I have BPD, I was finally diagnosed with it last year after spending my whole life plagued by depression, anxiety and worthlessness. The best advice I can give you is never walk away. No matter how hard it is to stay, no matter how lonely you may feel I can guarantee your partner will be feeling worse. It's so hard for us because we know the way we are and how we are acting is so ridiculous but we are unable to grasp hold of our emotions and things can lead us into a spiral that we can't get out of. My loving husband of 3 years has always been by my side even when it felt for him that I would not come out of it, him being by my side and not giving up on me gave me the best support because I have come out of it, sure I have my bad days still but after already 20 years of illness and 8 years of medication and lots of psychologists and doctors I am finally able to understand my illness and myself and I am getting off my meds. Believe me when I say it wasn't always easy, there were times I thought my husband would leave and so did he, but he didn't and that meant everything to me. I have also experienced a relationship where my partner did not care or even begin to show support or empathy towards me and it made me feel worse, it made me spiral out of control more and more, the countless times I heard "get over it" or "take a chill pill" made me hate myself even more and made me so angry that I though I would do something so terrible. 

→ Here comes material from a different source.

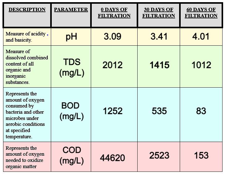 Garbage Enzyme has been successfully used to treat Greywater, Sewage Wastewater, Dairy Wastewater and Landfill Leachate. Treatment time for wastewater treated with GE varies from study to study and depends on how effective the GE solution is. Wastewater treatment time can be decreased if finely crushed organic waste is used for the preparation of enzyme solution, leading to better fermentation. Treatment time was found to be 5 days when enzyme is used 60 days after filtration as it takes time for the parametersin GEtostabilize.[3][7] Forother studies, the minimum treatment time was observed to be 25-27daysfromavailableliterature.
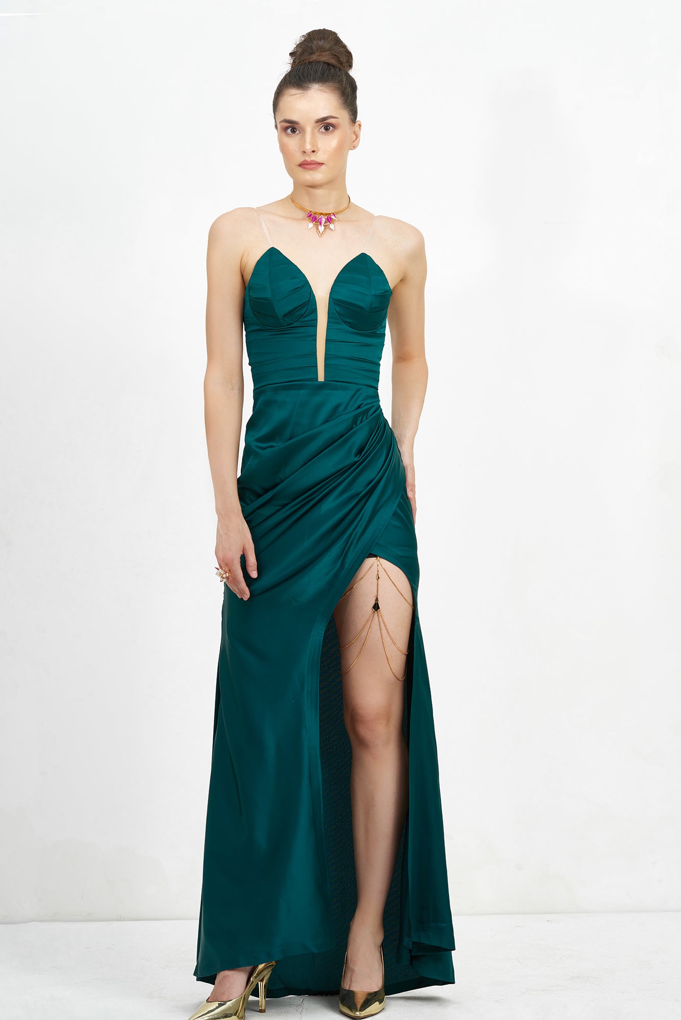 A stunning style statement to set you a class apart, RUHHEITE's Ace Thigh chain is a must-have accessory that you ought to possess. The black and gold adornments make for a complementing accent. The perfect match for a high-slit dress, this thigh chain lends a sensational gleam to your persona.

Everyone is different but giving your partner time to understand what is happening will help a lot. Don't expect answers because we don't even know answers just be there for support and ride this crazy emotional wave out just as we do. Remember that whatever is happening, it's not a reflection on you or your relationship it is simply an illness that needs time to heal, just like a broken leg. 

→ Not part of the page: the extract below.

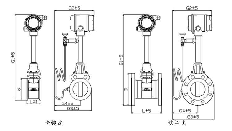 渦街流量計屬于對管道流速分布畸變、旋轉流和流動脈動等敏感的流量計,因此,對現場管道安裝條件應充分重視,遵照生產廠使用說明書的要求執行。 渦街流量計可安裝在室內或室外。如果安裝在地下井里,有水淹的可能,要選用潛水型傳感器。傳感器在管道上可以水平、垂直或傾斜安裝,但測量液體和氣體時為防止氣泡和液滴的干擾,安裝位置要注意。 |

I hope this helps at all, if your partner joins this site I would be happy to chat about this illness, we can't be afraid of it, we have to embrace it and then we can move forward 🙂

neptune_star
Community Member

Hi BJ101, I know you posted a while ago but I thought I'd post from the perspective of someone who has been in a long term relationship (22 years) with someone with BPD (and Narcissistic PD, major depression and an anxiety disorder). I really feel for you and your family. Living with someone with a BPD can be soul destroying, no matter how much you love them and want to keep it all together. No doubt you have been living unknowingly with the BPD since you first met but the PND has probably added to the emotional strain pushing you to breaking point. You wrote:

we have been to some counciling sessions but it feels like she is just going through the motions to keep me happy and dosent really want to change. more doing it to make me happy. As were a young family i am trying to keep us all together. 

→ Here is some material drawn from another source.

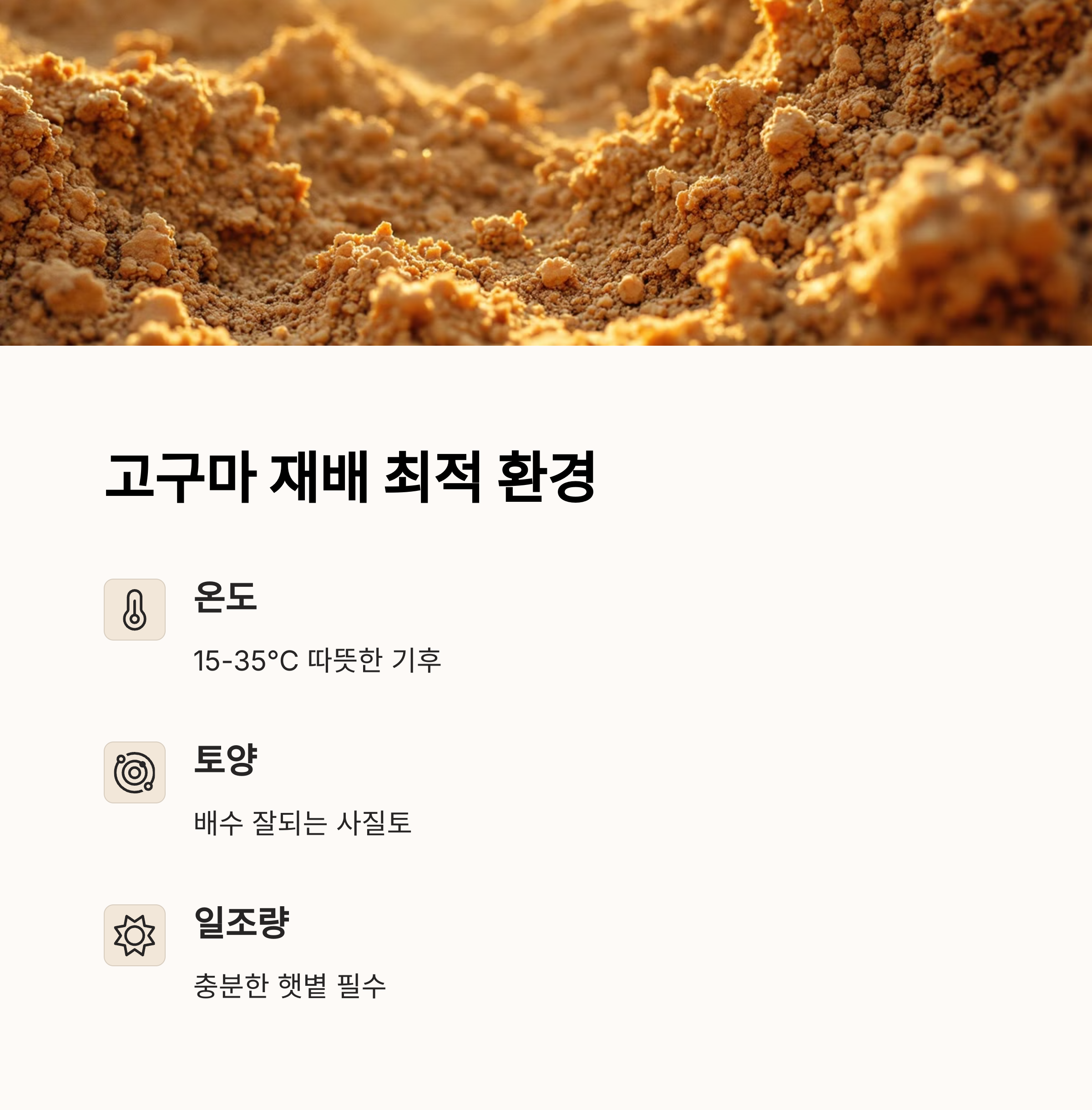 고구마는 따뜻한 기후와 햇볕을 좋아하는 작물이에요. 생육 적정 온도는 15~35℃로, 특히 지온이 15℃ 이상일 때 뿌리가 잘 자랍니다.

It is possible that she is going through the motions to keep you happy. It is also possible that she is incredibly scared of therapy and change. Therapy is a hard process for anyone and requires you to look deeply at your true self. For someone with BPD that is intensely scary. They will often do anything to run away from it. My ex-husband sacrificed his family life and his relationship with his children because he was too scared to do the psychological work required to build a stable loving relationship and family. At the core of BPD is emptiness and shame and that is very hard to face.The BPD behaviors, as maladaptive as they may seem to most people, are actually a form of psychological protection and very hard to give up.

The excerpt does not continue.